[Items from a data source]
+===+

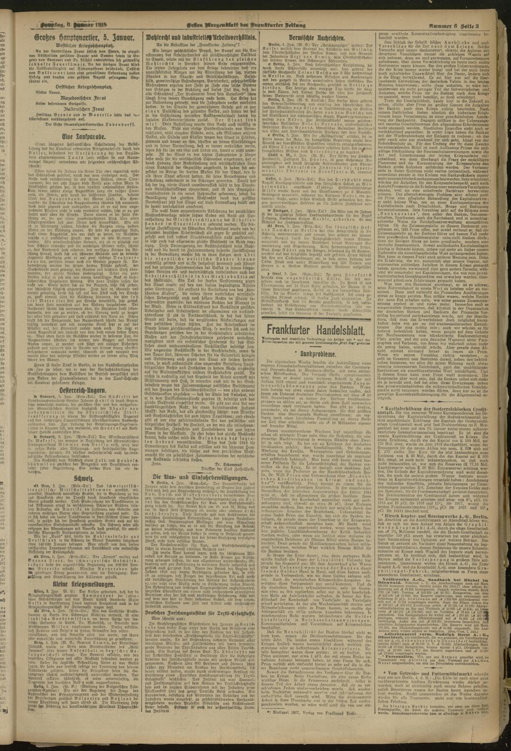 06.01.1918 = Nr. 6. Erstes Morgenblatt
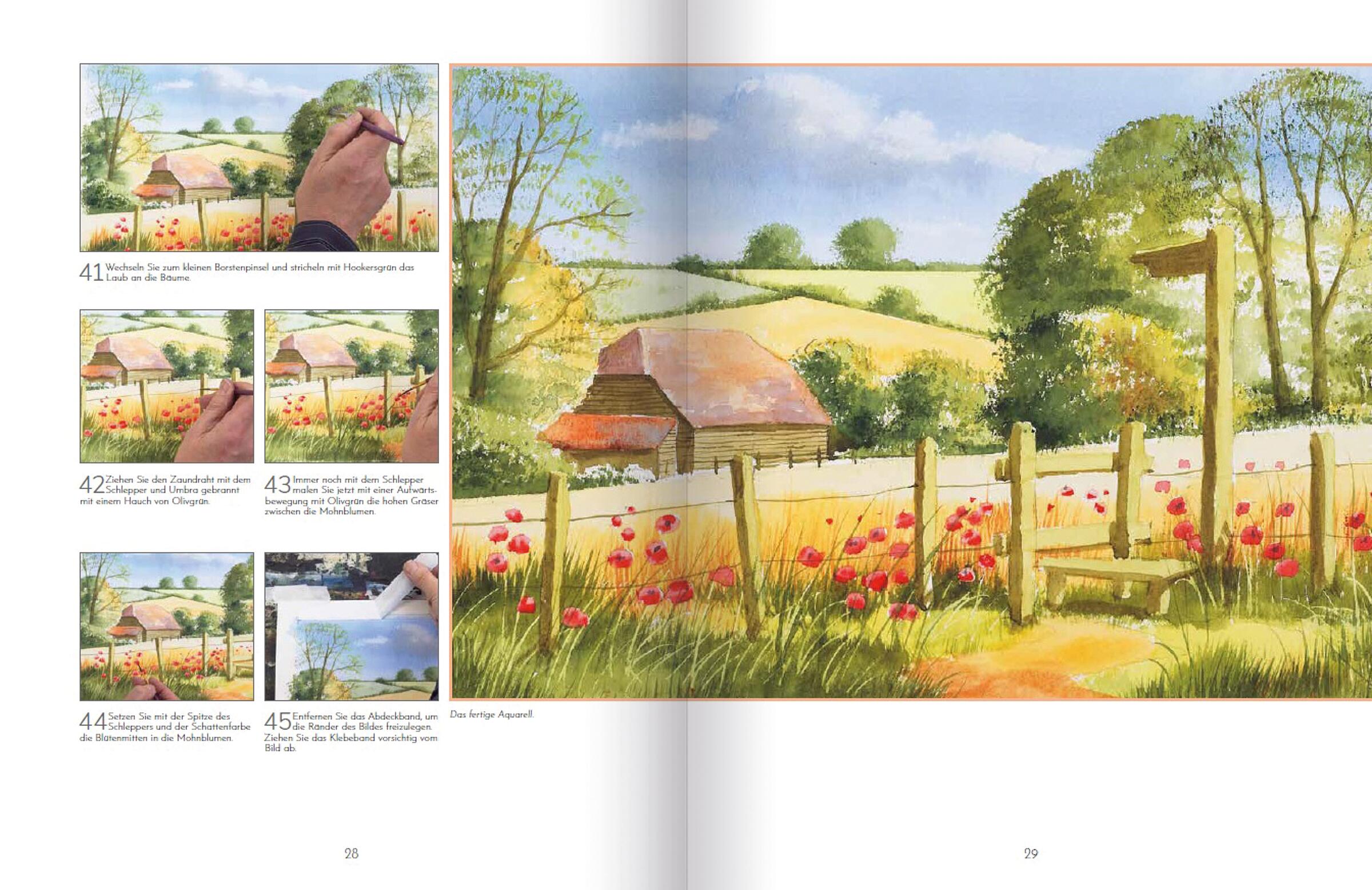 Zauberhafte Malvorlagen des beliebten englischen Aquarellmalers Terry Harrison, Step by Step leicht gemacht. Weite Felder und idyllische Bauernhäuser, leuchtende Mohnblumenwiesen und kleine Flüsse mit romantischen Holzbrücken: In diesem Buch werden 16 zauberhafte Motive gezeigt. Die Bilder sind mit Hilfe heraustrennbarer Vorlagen und sehr detaillierter Arbeitsschritte leicht nachvollziehbar. Anfänger*innen gelingt so ein leichter Einstieg in die Aquarellmalerei und Fortgeschrittene profitieren vom Terry Harrisons reichem Erfahrungsschatz und seinen Aquarelltechniken.
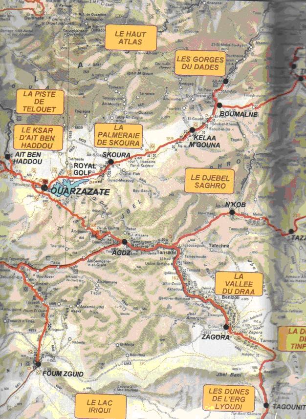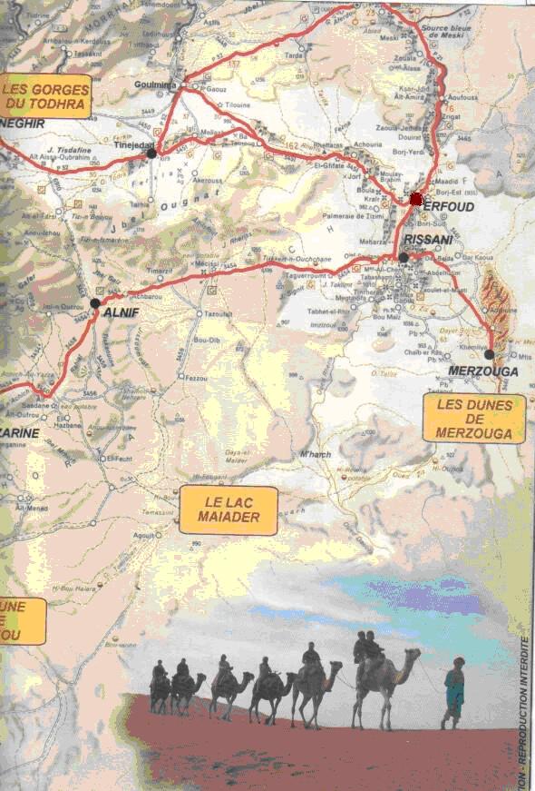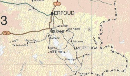 * Departure "of Arfoud" with 8h: 00 on the morning to take the asphalt road which leaves towards "ERRACHIDIA", we go crossed ksar "EL MÂADID" (3, 4 km of Arfoud). * On the asphalt road we go along the dunes "Of IRDI" which are with (6, 2 km of Arfoud), Then we will cross the bridge on wadi "ZIZ" to (9, 2 km of Arfoud). * With the km 11, 2 end of the asphalt road and beginning of the track. * Stop with the first then dug by nomads (11, 7 km of the beginning of the track). * Crossed green landscapes, caves of "ZERZEF", and stop with the tomb stone of one of the participants of the "PARIS-DAKAR" "MOUTH LOUIS MARIUS"
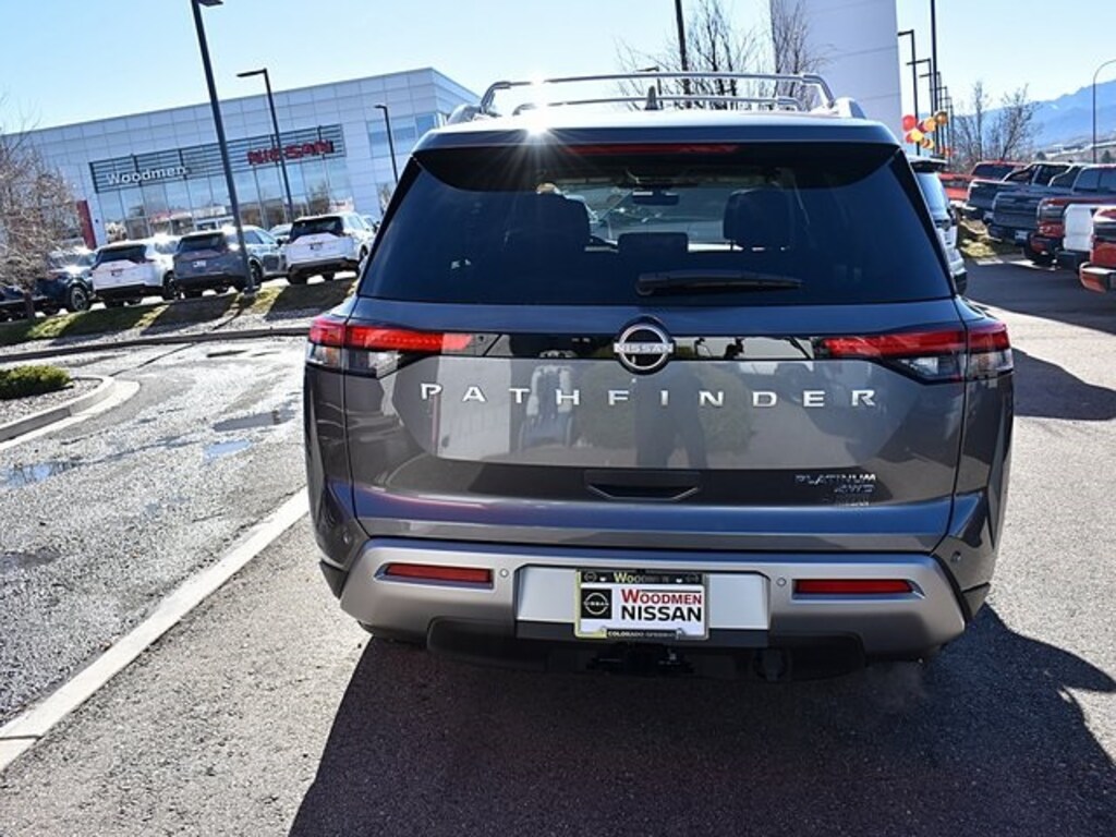 2025 Nissan Pathfinder Platinum New Ownership and a New Way of Business!! This vehicle features: Cargo Package (Cargo Area Protector, Cargo Net, and First Aid), 13 Speakers, 3rd row seats: bench, 4-Wheel Disc Brakes, ABS brakes, Air Conditioning, Alloy wheels, AM/FM radio: SiriusXM, Auto High-beam Headlights, Auto tilt-away steering wheel, Auto-dimming Rear-View mirror, Automatic temperature control, Bench Seat Carpeted Floor Mats (set of 4), Bodyside moldings, Bose Premium Audio System, Brake assist, Bumpers: body-color, Climate Controlled Front Bucket Seats, Cross Bars, Delay-off headlights, Driver door bin, Driver vanity mirror, Dual front impact airbags, Dual front side impact airbags, Electronic Stability Control, Emergency communication system, Exterior Parking Camera Rear, Four wheel independent suspension, Front anti-roll bar, Front Bucket Seats, Front Center Armrest, Front dual zone A/C, Front reading lights, Fully automatic headlights, Garage door transmitter: HomeLink, Heads-Up Display, Heated door mirrors, Heated front seats, Heated rear seats, Heated steering wheel, Illuminated entry, Knee airbag, Leather steering wheel, Low tire pressure warning, Memory seat, Navigation system: NissanConnect with Navigation and Services, NissanConnect featuring Apple CarPlay and Android Auto, NissanConnect with Navigation and Services, Occupant sensing airbag, Outside temperature display, Overhead airbag, Overhead console, Panic alarm, Passenger door bin, Passenger vanity mirror, Power door mirrors, Power driver seat, Power Liftgate, Power moonroof, Power passenger seat, Power steering, Power windows, Radio data system, Radio: AM/FM Audio System, Rain sensing wipers, Rear air conditioning, Rear anti-roll bar, Rear reading lights, Rear seat center armrest, Rear side impact airbag, Rear window defroster, Rear window wiper, Reclining 3rd row seat, Remote keyless entry, Security system, Semi-Aniline Leather-Appointed Seating Surfaces, Speed control, Speed-sensing steering, Speed-Sensitive Wipers, Split folding rear seat, Spoiler, Steering wheel memory, Steering wheel mounted audio controls, Tachometer, Telescoping steering wheel, Tilt steering wheel, Traction control, Trip computer, Turn signal indicator mirrors, Variably intermittent wipers, Ventilated front seats, and Wheels: 20" x 8J Machined Alloy. Price includes: $5000 - Nissan Customer Cash
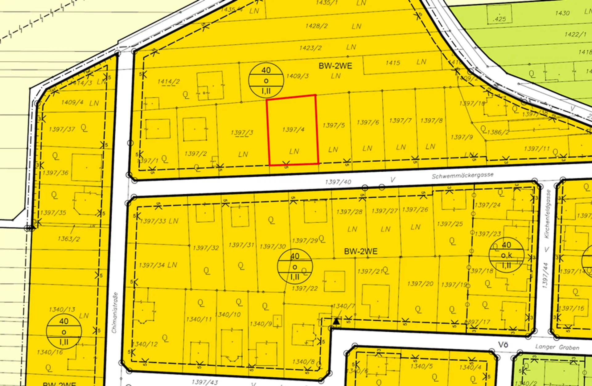 > Widmung: Bauland-Wohngebiet – max. 2 Wohneinheiten (z.B. Doppelhaus + je WE 2 KFZ-Abstellplätze)

+===+

## Task brief
Output all of the entries once more, word for word, with the images removed.

## Exercise output
 06.01.1918 = Nr. 6. Erstes Morgenblatt
 Zauberhafte Malvorlagen des beliebten englischen Aquarellmalers Terry Harrison, Step by Step leicht gemacht. Weite Felder und idyllische Bauernhäuser, leuchtende Mohnblumenwiesen und kleine Flüsse mit romantischen Holzbrücken: In diesem Buch werden 16 zauberhafte Motive gezeigt. Die Bilder sind mit Hilfe heraustrennbarer Vorlagen und sehr detaillierter Arbeitsschritte leicht nachvollziehbar. Anfänger*innen gelingt so ein leichter Einstieg in die Aquarellmalerei und Fortgeschrittene profitieren vom Terry Harrisons reichem Erfahrungsschatz und seinen Aquarelltechniken.
 * Departure "of Arfoud" with 8h: 00 on the morning to take the asphalt road which leaves towards "ERRACHIDIA", we go crossed ksar "EL MÂADID" (3, 4 km of Arfoud). * On the asphalt road we go along the dunes "Of IRDI" which are with (6, 2 km of Arfoud), Then we will cross the bridge on wadi "ZIZ" to (9, 2 km of Arfoud). * With the km 11, 2 end of the asphalt road and beginning of the track. * Stop with the first then dug by nomads (11, 7 km of the beginning of the track). * Crossed green landscapes, caves of "ZERZEF", and stop with the tomb stone of one of the participants of the "PARIS-DAKAR" "MOUTH LOUIS MARIUS"
 2025 Nissan Pathfinder Platinum New Ownership and a New Way of Business!! This vehicle features: Cargo Package (Cargo Area Protector, Cargo Net, and First Aid), 13 Speakers, 3rd row seats: bench, 4-Wheel Disc Brakes, ABS brakes, Air Conditioning, Alloy wheels, AM/FM radio: SiriusXM, Auto High-beam Headlights, Auto tilt-away steering wheel, Auto-dimming Rear-View mirror, Automatic temperature control, Bench Seat Carpeted Floor Mats (set of 4), Bodyside moldings, Bose Premium Audio System, Brake assist, Bumpers: body-color, Climate Controlled Front Bucket Seats, Cross Bars, Delay-off headlights, Driver door bin, Driver vanity mirror, Dual front impact airbags, Dual front side impact airbags, Electronic Stability Control, Emergency communication system, Exterior Parking Camera Rear, Four wheel independent suspension, Front anti-roll bar, Front Bucket Seats, Front Center Armrest, Front dual zone A/C, Front reading lights, Fully automatic headlights, Garage door transmitter: HomeLink, Heads-Up Display, Heated door mirrors, Heated front seats, Heated rear seats, Heated steering wheel, Illuminated entry, Knee airbag, Leather steering wheel, Low tire pressure warning, Memory seat, Navigation system: NissanConnect with Navigation and Services, NissanConnect featuring Apple CarPlay and Android Auto, NissanConnect with Navigation and Services, Occupant sensing airbag, Outside temperature display, Overhead airbag, Overhead console, Panic alarm, Passenger door bin, Passenger vanity mirror, Power door mirrors, Power driver seat, Power Liftgate, Power moonroof, Power passenger seat, Power steering, Power windows, Radio data system, Radio: AM/FM Audio System, Rain sensing wipers, Rear air conditioning, Rear anti-roll bar, Rear reading lights, Rear seat center armrest, Rear side impact airbag, Rear window defroster, Rear window wiper, Reclining 3rd row seat, Remote keyless entry, Security system, Semi-Aniline Leather-Appointed Seating Surfaces, Speed control, Speed-sensing steering, Speed-Sensitive Wipers, Split folding rear seat, Spoiler, Steering wheel memory, Steering wheel mounted audio controls, Tachometer, Telescoping steering wheel, Tilt steering wheel, Traction control, Trip computer, Turn signal indicator mirrors, Variably intermittent wipers, Ventilated front seats, and Wheels: 20" x 8J Machined Alloy. Price includes: $5000 - Nissan Customer Cash
 > Widmung: Bauland-Wohngebiet – max. 2 Wohneinheiten (z.B. Doppelhaus + je WE 2 KFZ-Abstellplätze)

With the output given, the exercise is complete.